# What is being asked:
Give back every line of the material below exactly, but no images.

# Dataset excerpt:
========================================
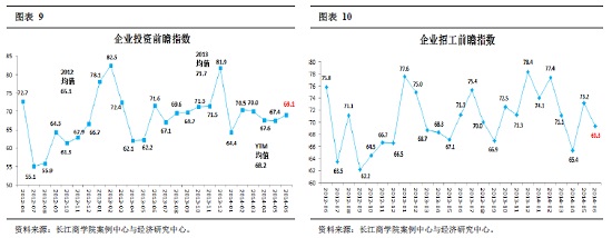 企业招工前瞻指数本月数据为69.3,5月数据为73.2(图表10),这说明大多数企业依然在着力扩张人力。但由于高企的用工成本,可能会对企业利润造成挤压。
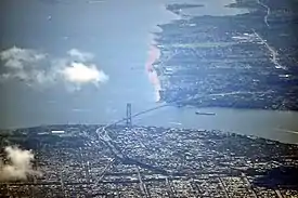 ![]() A TERRA satellite image of New York Harbor with The Narrows (in red), connecting Upper New York Bay to Lower New York Bay | |
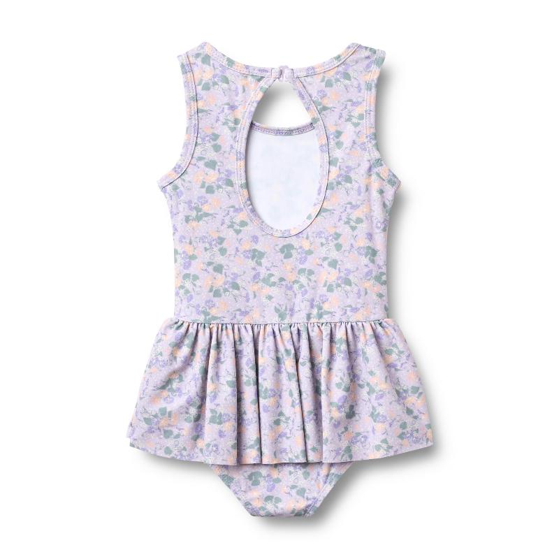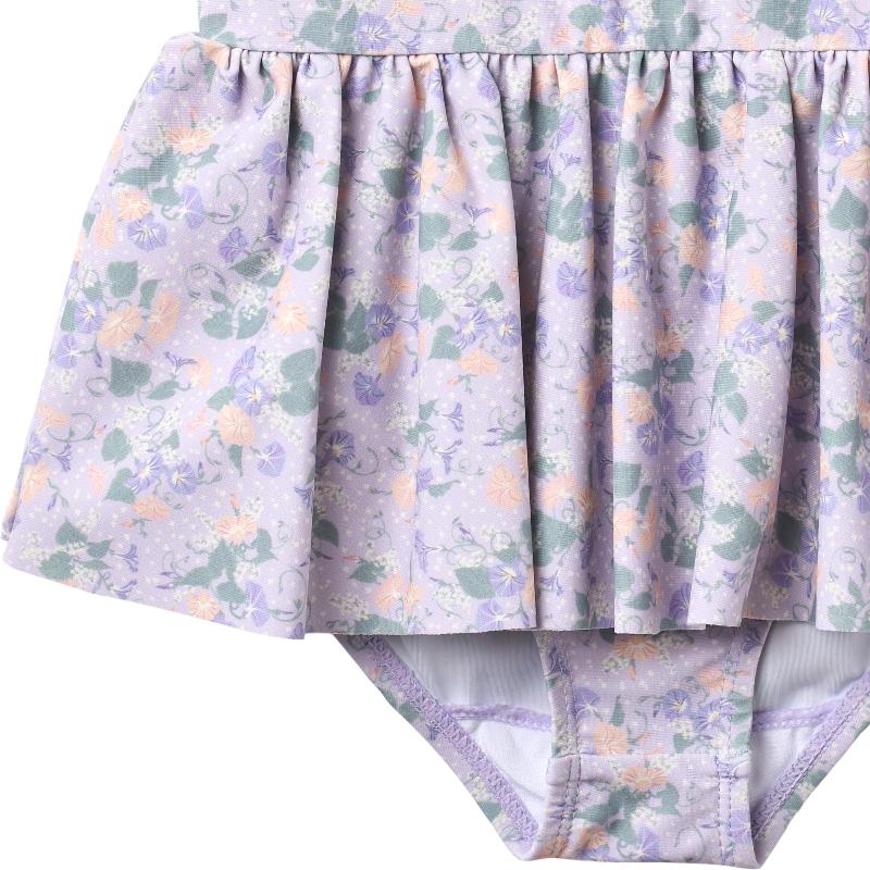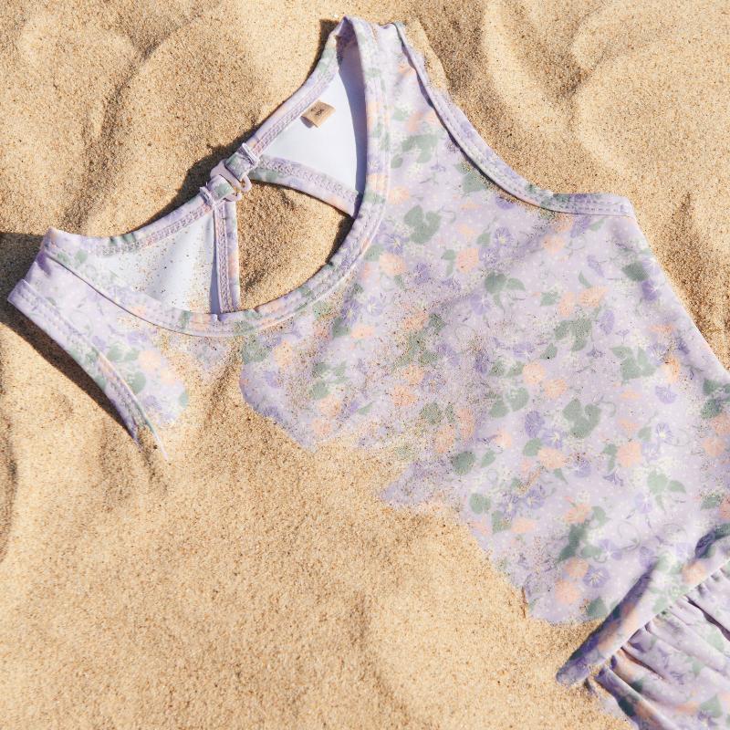 Слитный купальник с женственным кроем и изящными линиями, подчеркивающими талию. Главная фишка — маленькая юбочка, которая придает особую милоту и прикрывает бедра. Застежка-пуговица на спине делает переодевание легким даже на мокрого ребенка. Облегающая посадка обеспечивает комфорт при активных играх. Яркий принт с петуниями выглядит стильно. Ткань дышащая, защищает от солнца.
========================================
# Answer to this task:
 企业招工前瞻指数本月数据为69.3,5月数据为73.2(图表10),这说明大多数企业依然在着力扩张人力。但由于高企的用工成本,可能会对企业利润造成挤压。
 ![]() A TERRA satellite image of New York Harbor with The Narrows (in red), connecting Upper New York Bay to Lower New York Bay | |
 Слитный купальник с женственным кроем и изящными линиями, подчеркивающими талию. Главная фишка — маленькая юбочка, которая придает особую милоту и прикрывает бедра. Застежка-пуговица на спине делает переодевание легким даже на мокрого ребенка. Облегающая посадка обеспечивает комфорт при активных играх. Яркий принт с петуниями выглядит стильно. Ткань дышащая, защищает от солнца.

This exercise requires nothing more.